ASSIGNED TASK => What's needed is an exact retyping of the lines from the start of the listing up to and including the line with "心有所属感应橱柜灯带充电无线", minus any pictures.

PROVIDED RECORDS =>
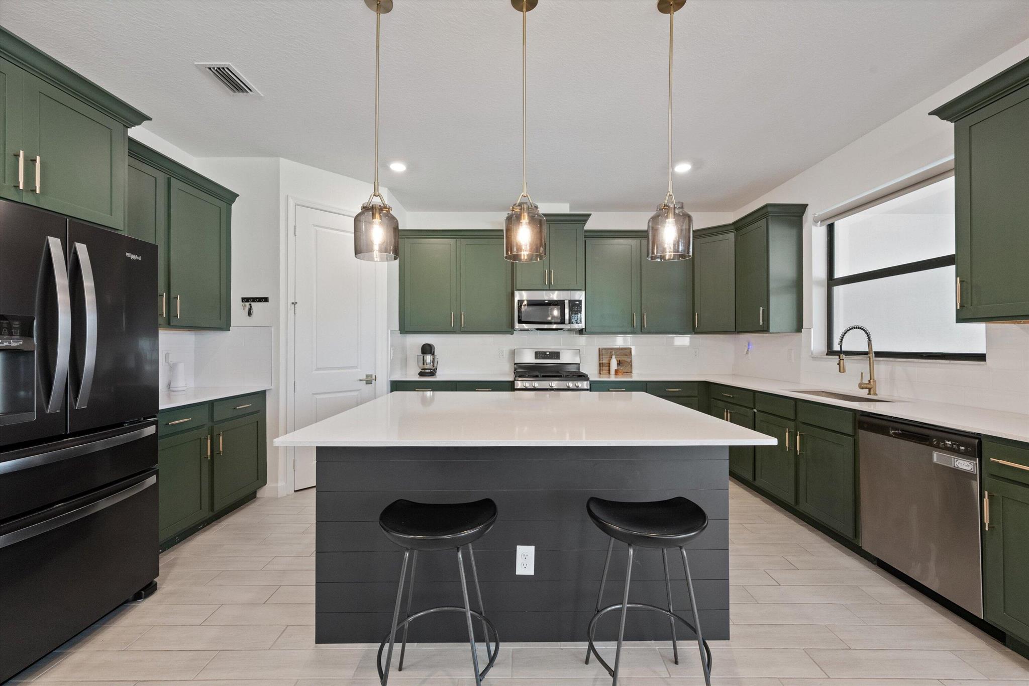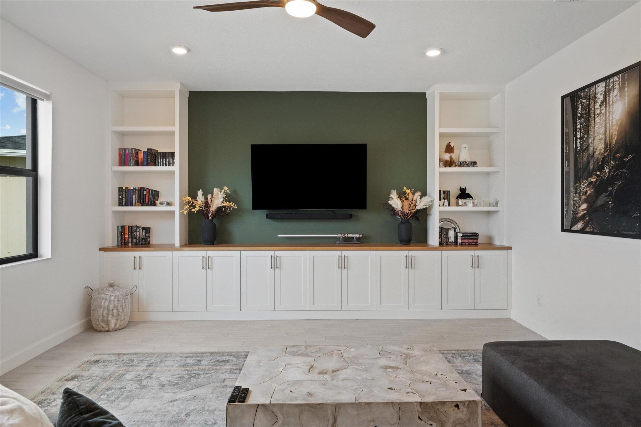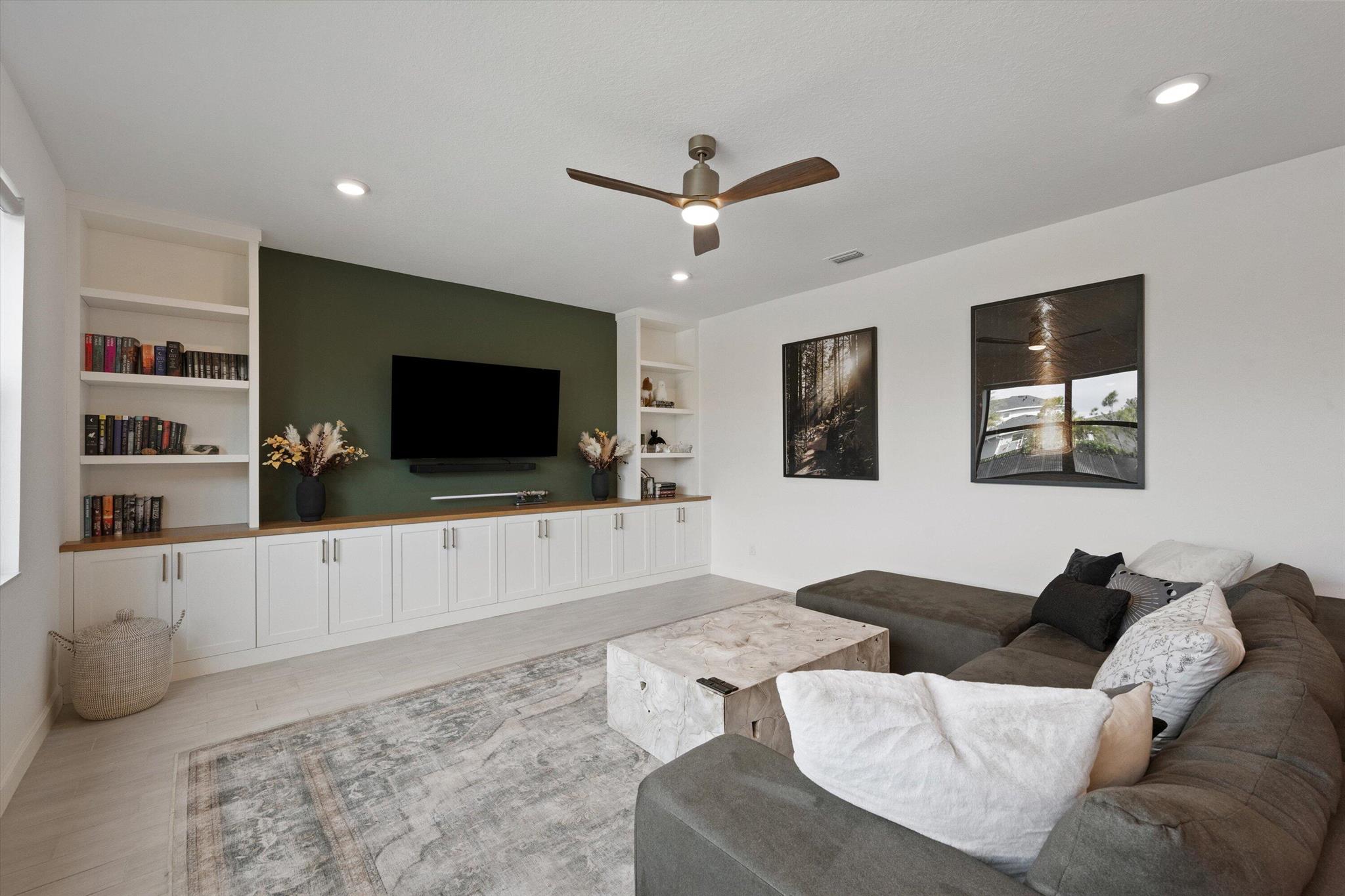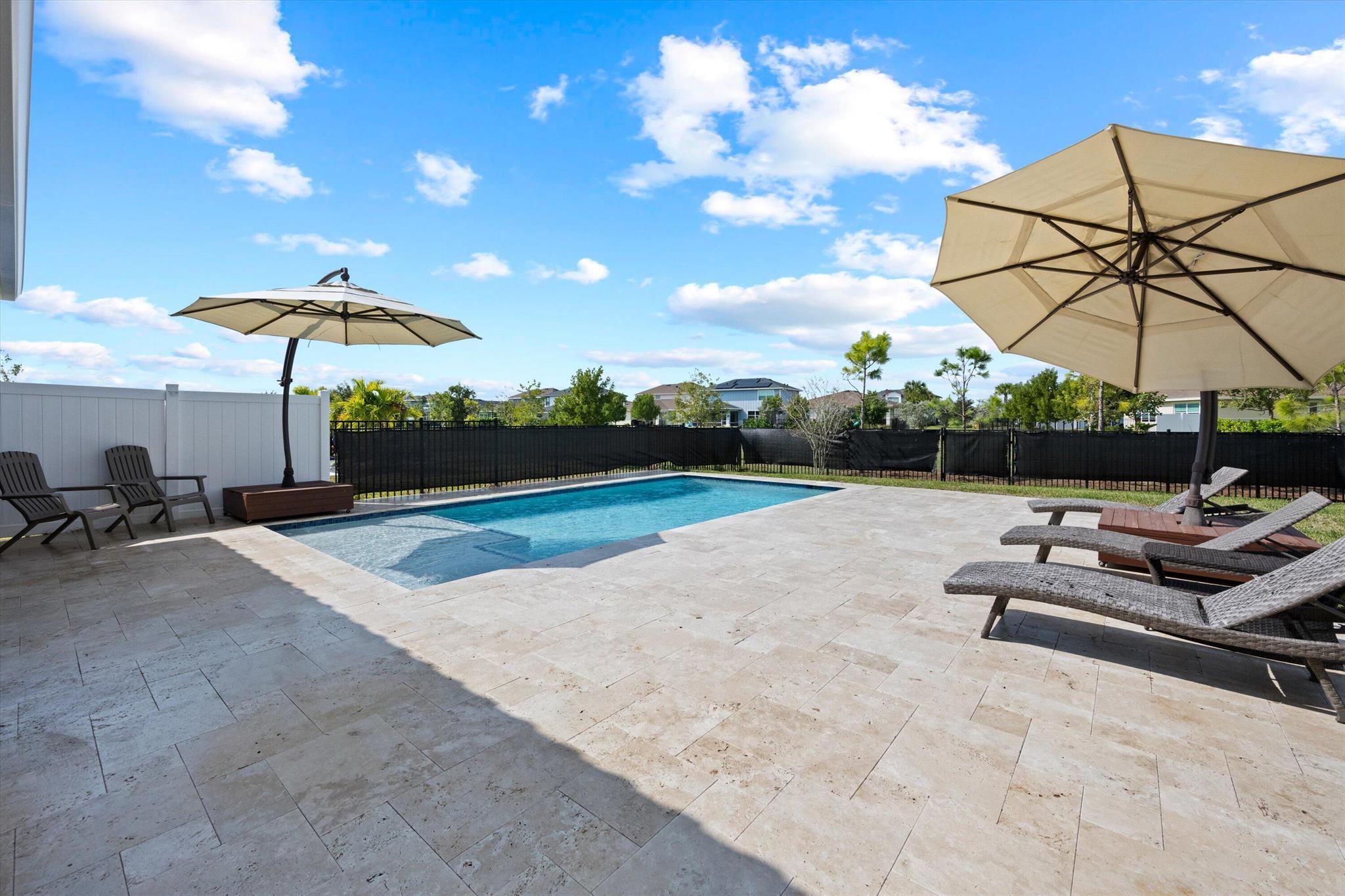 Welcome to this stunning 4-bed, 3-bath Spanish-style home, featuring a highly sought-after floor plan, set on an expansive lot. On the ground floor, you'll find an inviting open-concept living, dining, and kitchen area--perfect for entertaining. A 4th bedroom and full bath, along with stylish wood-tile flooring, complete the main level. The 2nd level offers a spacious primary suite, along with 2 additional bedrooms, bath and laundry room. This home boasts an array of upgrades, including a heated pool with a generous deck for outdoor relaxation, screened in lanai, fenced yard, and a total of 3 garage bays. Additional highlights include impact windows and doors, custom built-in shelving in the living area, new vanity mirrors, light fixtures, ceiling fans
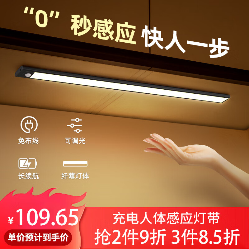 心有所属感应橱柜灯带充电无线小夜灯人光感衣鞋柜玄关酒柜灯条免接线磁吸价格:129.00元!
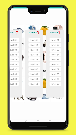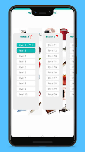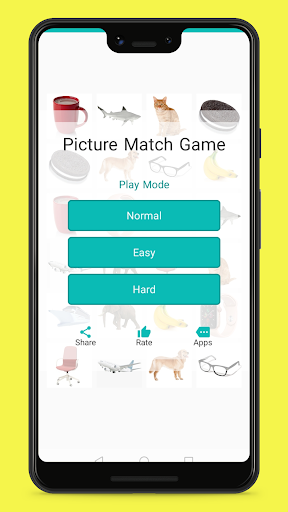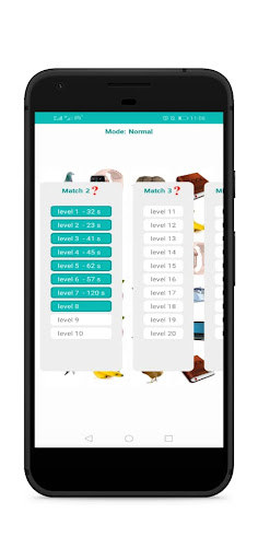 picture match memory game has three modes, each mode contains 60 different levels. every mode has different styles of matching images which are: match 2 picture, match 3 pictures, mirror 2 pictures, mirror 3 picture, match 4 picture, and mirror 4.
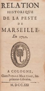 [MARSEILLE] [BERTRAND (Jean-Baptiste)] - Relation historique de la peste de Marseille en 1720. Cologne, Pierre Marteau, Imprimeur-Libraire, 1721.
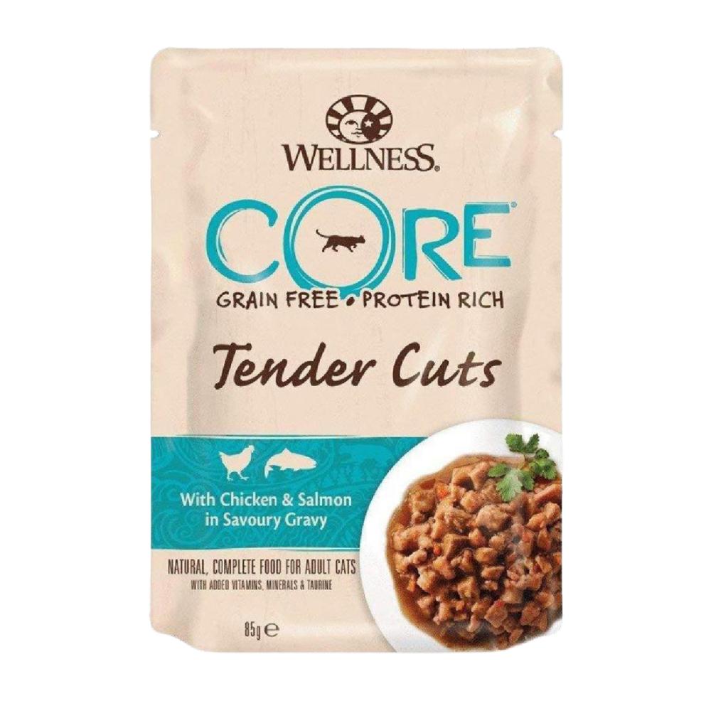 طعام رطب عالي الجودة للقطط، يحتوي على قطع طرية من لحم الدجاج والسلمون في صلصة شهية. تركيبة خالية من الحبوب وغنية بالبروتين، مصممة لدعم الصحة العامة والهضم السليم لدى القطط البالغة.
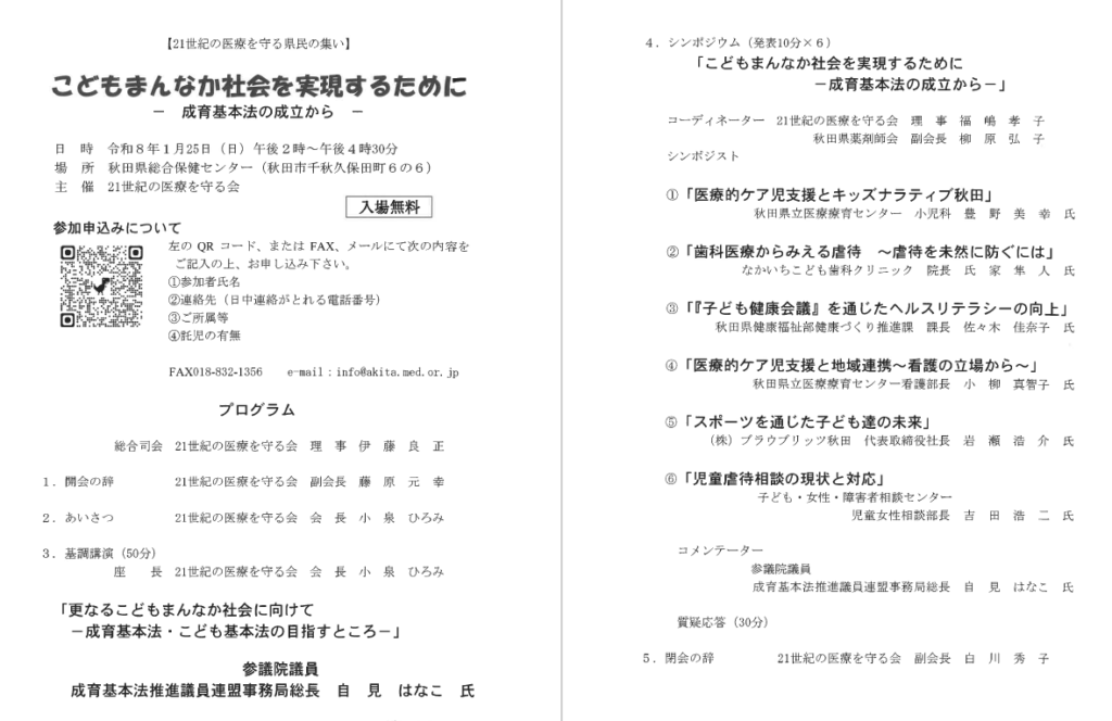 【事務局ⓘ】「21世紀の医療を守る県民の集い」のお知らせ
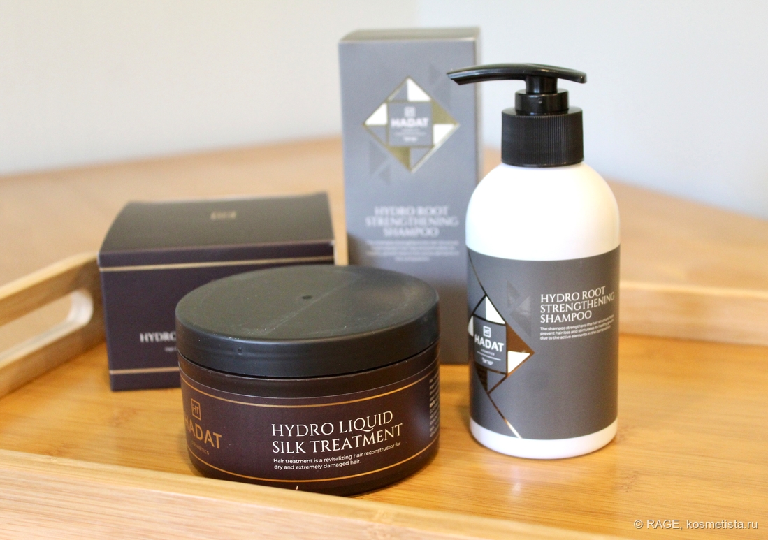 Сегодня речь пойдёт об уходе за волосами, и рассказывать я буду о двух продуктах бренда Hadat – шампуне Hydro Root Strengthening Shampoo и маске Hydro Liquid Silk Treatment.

RESPONSE BELOW =>
 Welcome to this stunning 4-bed, 3-bath Spanish-style home, featuring a highly sought-after floor plan, set on an expansive lot. On the ground floor, you'll find an inviting open-concept living, dining, and kitchen area--perfect for entertaining. A 4th bedroom and full bath, along with stylish wood-tile flooring, complete the main level. The 2nd level offers a spacious primary suite, along with 2 additional bedrooms, bath and laundry room. This home boasts an array of upgrades, including a heated pool with a generous deck for outdoor relaxation, screened in lanai, fenced yard, and a total of 3 garage bays. Additional highlights include impact windows and doors, custom built-in shelving in the living area, new vanity mirrors, light fixtures, ceiling fans
 心有所属感应橱柜灯带充电无线小夜灯人光感衣鞋柜玄关酒柜灯条免接线磁吸价格:129.00元!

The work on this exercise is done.